AI-powered detection and tracking of passengers and their luggage
Each year, numerous pieces of luggage are left behind on trains, leading to delays, security risks, and inconvenience for both passengers and operators. Manual monitoring of passengers and their belongings is not only labor-intensive but also prone to human error, highlighting the need for automated solutions.
To tackle this challenge, the Belgian railway technology company Televic GSP has partnered with Sirris, an industry-driven research centre, to develop an AI-powered luggage tracking system in the scope of the ITEA project TAPCOP. This innovative system uses AI to automatically detect and track both passengers and their luggage, raising an alert whenever someone disembarks without their belongings. By swiftly identifying and managing left-behind items, the solution enhances both safety and efficiency in railway operations.
To achieve these objectives, several key challenges must be addressed:
- Luggage detection: while there are reliable models for detecting people, identifying luggage remains a challenge. Items like backpacks and purses often change their visual appearance depending on their position, making detection and tracking more difficult.

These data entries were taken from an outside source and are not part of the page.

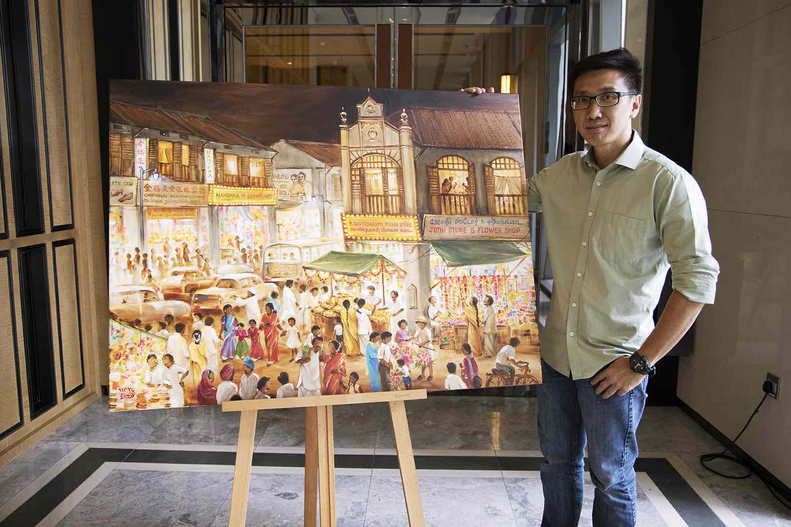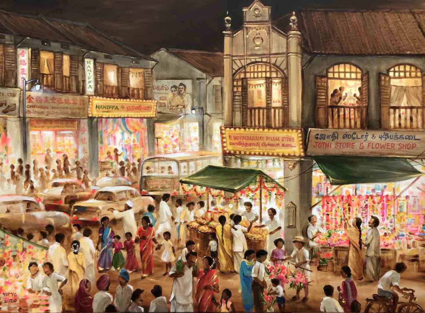 Painted between 2017 and 2021, the scenes in the paintings are panoramic yet intricate and provide a visual history of Singapore including major cultural festivals and traditions such as the Mid-Autumn Festival, Hari Raya Haji, Chingay procession and the Hungry Ghost Festival. Yew Chong grew up in Chinatown and now resides in Tanjong Pagar, so his intimate knowledge of the area’s legends and stories evokes a sense of travelling back through history.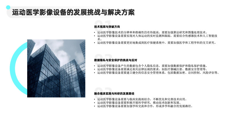 医学影像设备的发展挑战和突破的瓶颈在哪里呢?首先,在老一代的影像设备上,它们的分辨率和准确性仍有待提高,需要强化算法。其次,运动医学影像设备需要实现对人体运动的实时监测和跟踪,可以通过更多的传感器技术和人工智能的方法来实现。最后,运动医学影像设备需要更好地集成到医疗保健系统中,还需要加强医工的融合和交叉。在数据隐私方面,也对运动医学影像设备带来了一些安全性的挑战,包括如何满足法规的要求以及信息安全的管理体系等。因此,融合临床实践、运动医学影像技术的科研发展,需要不断优化推动技术的创新和发展,通过学科交叉,才有可能在临床上更好地进行实践。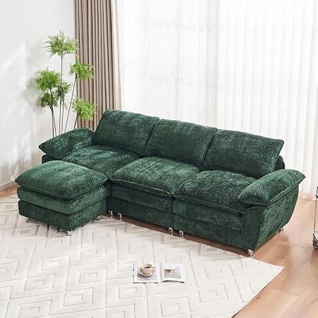 101'' Convertible Sectional Cloud Sofa, Chenille L-Shaped Deep Seat Sofa Couch for Living Room, Modern Upholstered 3-Seat Sofa with Ottoman, Comfy Oversized Couch for Apartment, Office, Green
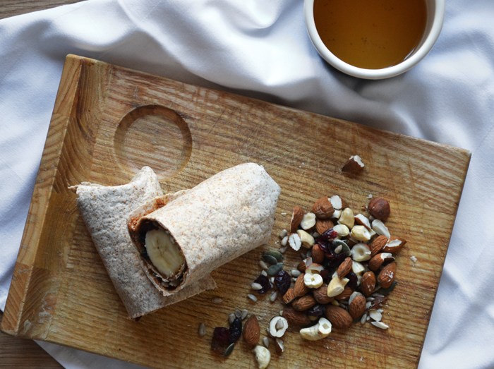 τορτίγια ολικής με αμυγδαλοβούτυρο, μπανάνα και mix ξηρών καρπών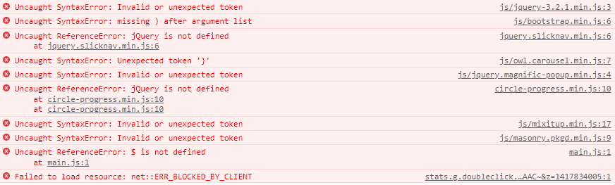 转到浏览器中的“网络”选项卡,检查在浏览器中接收到的http状态,以了解所请求的资源,即本例中的jQuery。引导引发的错误可能只是jQuery未加载的结果。我想一定有依赖关系吧。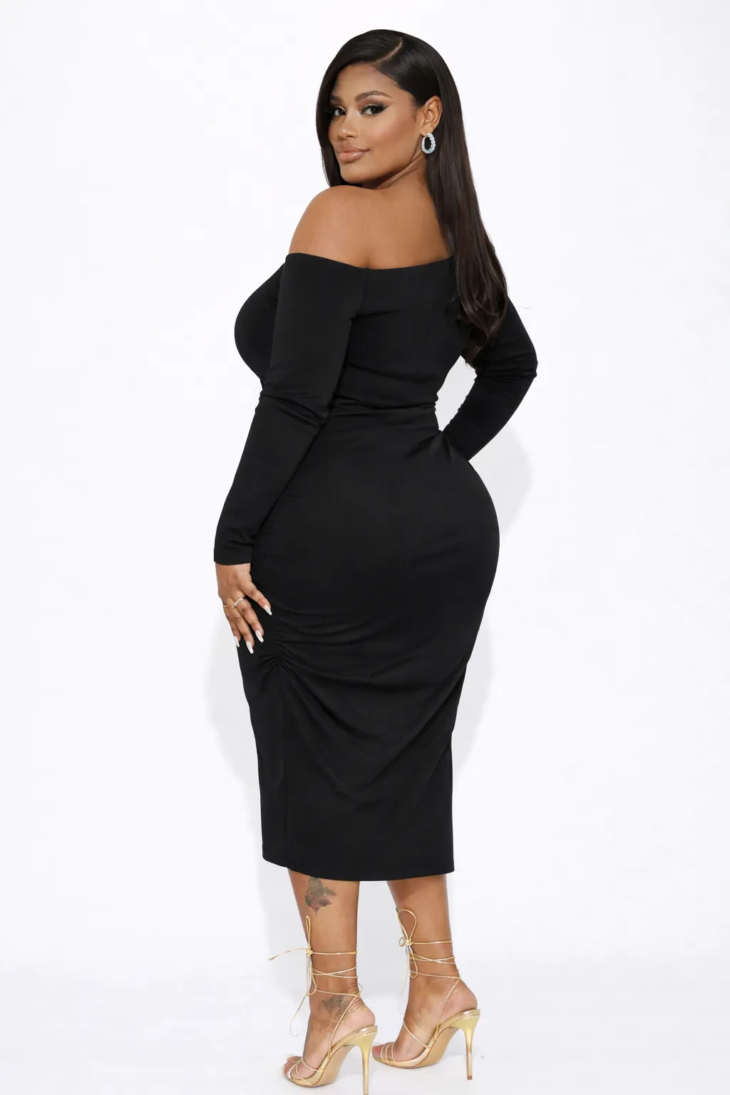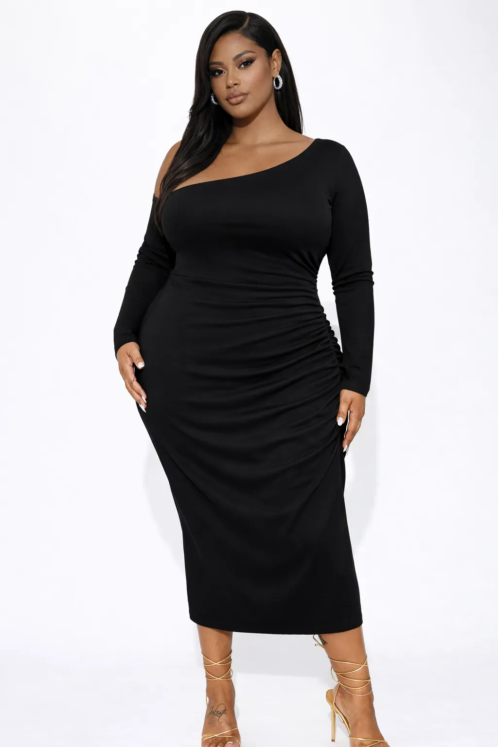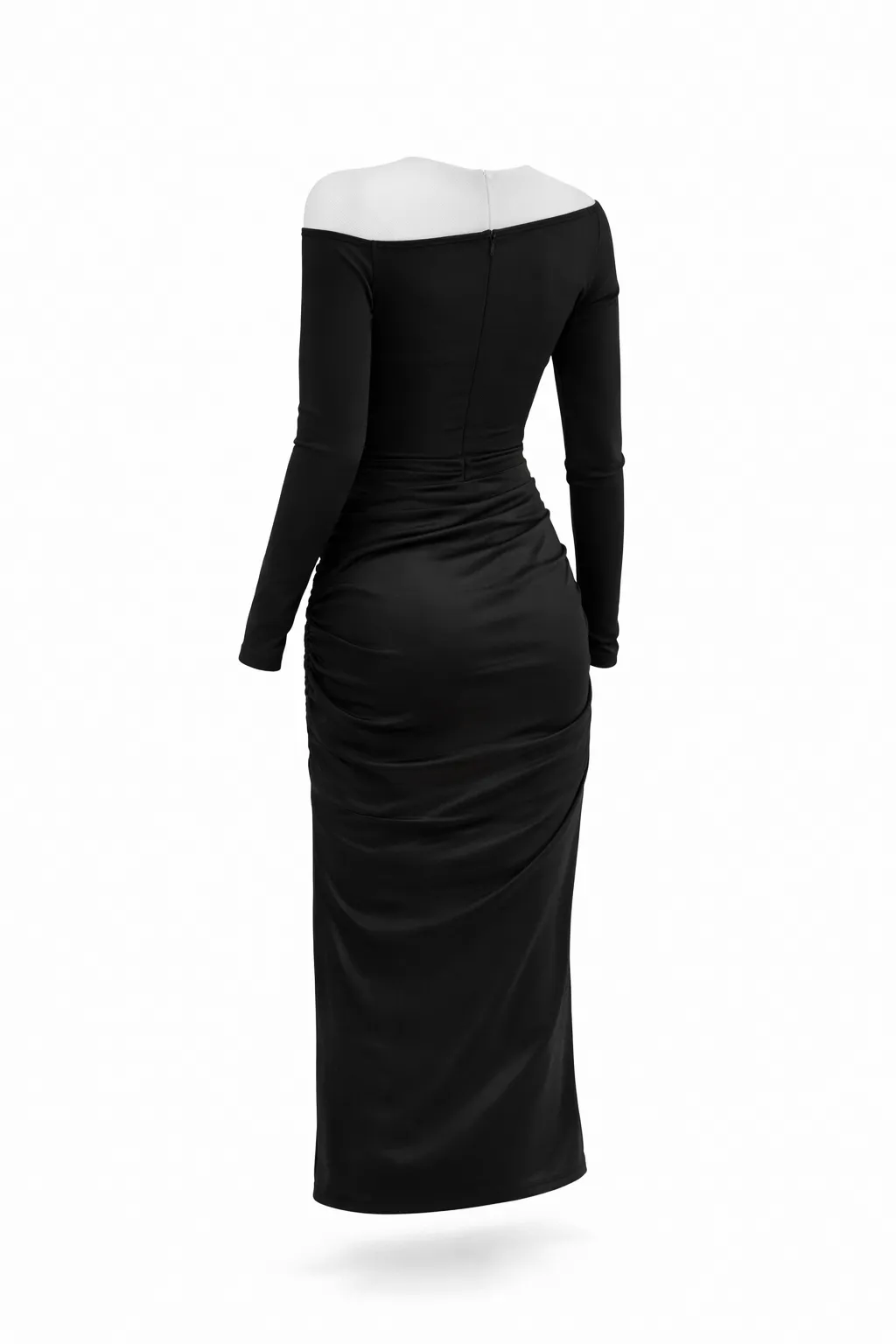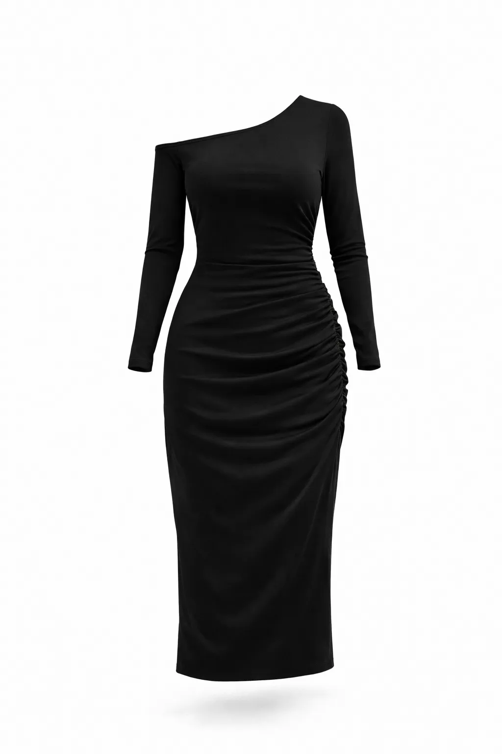 NOIR ASYMMETRICAL RUCHED BODYCON – SEDUCTIVE ELEGANCE | T134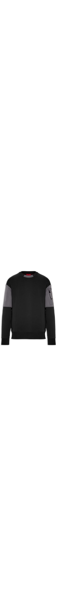 O moletom preto é confeccionado em algodão. A peça possui gola careca com detalhe em cinza, mangas longas com punhos ajustados e partes com tecido quadriculado cinza, no braço esquerdo contém bolso embutido com fechamento de zíper e nome da marca aplicado, ombros levemente estendidos e shape solto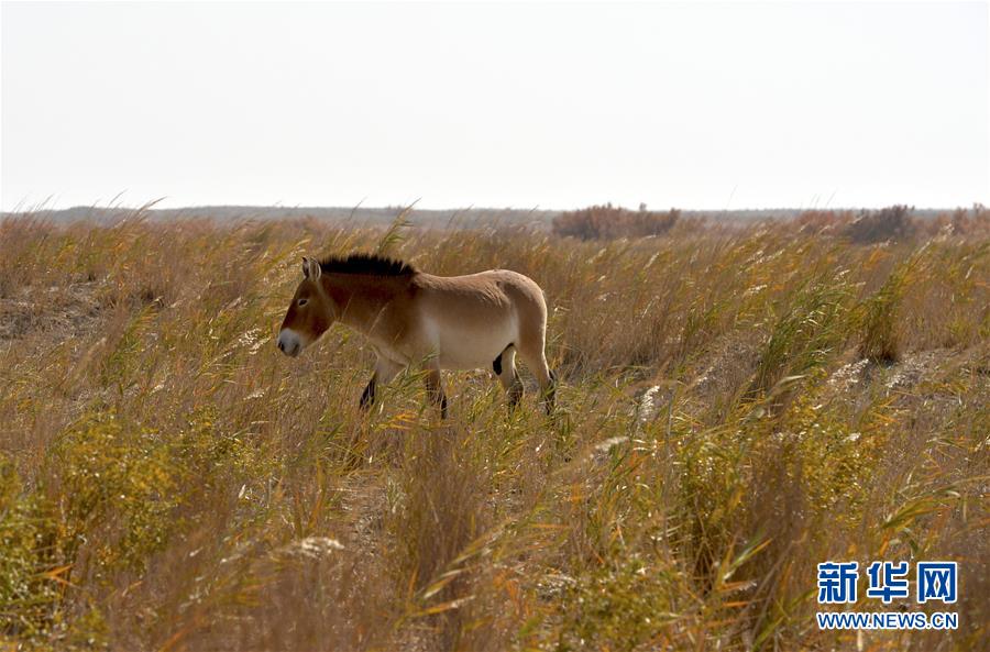 這是10月16日在敦煌西湖國家級(jí)自然保護(hù)區(qū)拍攝的普氏野馬。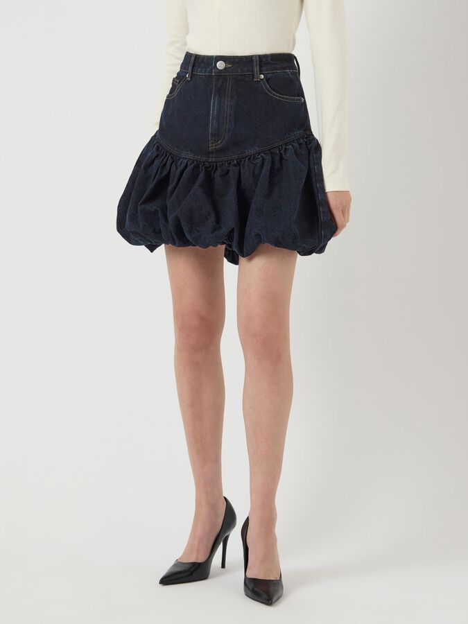 This style is made from a cotton fabric mix, manufactured in a twill weave to achieve the classic denim look. The twill weave contributes to the high endurance of the fabric. Product Type : Denim skirt Closing : Button and zip fastening Pockets : Back pockets, Coin pocket, Side pockets

- Associating luggage with owners: luggage ownership can be ambiguous, especially for groups like families. For example, the person who initially brings a backpack may not be the one leaving with it. The system must correctly associate luggage with its rightful owner or group of owners to avoid false alerts.
- Tracking in low-quality footage: trains are often equipped with low-resolution fisheye cameras at the ends of carriages, creating additional challenges such as obstructions from other passengers and seats, as well as sudden lighting variations when passing through tunnels.
The proposed solution has shown promising results in real-world tests using data from a variety of train types and locations. It uses multiple AI models, including an object detection model to identify people and luggage, and a segmentation model to refine these detections with precise boundaries. These two models form the system’s core. Building on this, a tracking and re-identification system is under development to maintain continuity, even when individuals are temporarily obscured or move between train carriages, enabling train-wide monitoring. Additionally, a relational linking model associates luggage with its rightful owner. Currently, this solution achieves 80% accuracy in tracking and linking passengers with their luggage on moderately full trains. Edge cases - such as groups of passengers with shared luggage and overcrowded trains with significant obstructions in narrow hallways - provide opportunities for further improvement of the system.
Beyond luggage tracking, the TAPCOP project focuses on achieving situational awareness and data-driven visitor flow management by employing AIbased sensors. The system aggregates multiple data sources using AI, offering a more reliable, complete view of the environment and predicting overcrowding. In addition to the Televic use-case, the project also explores other innovative applications aimed at improving traffic and mobility conditions during rare, crowded events, such as festivals, road accidents and sports events.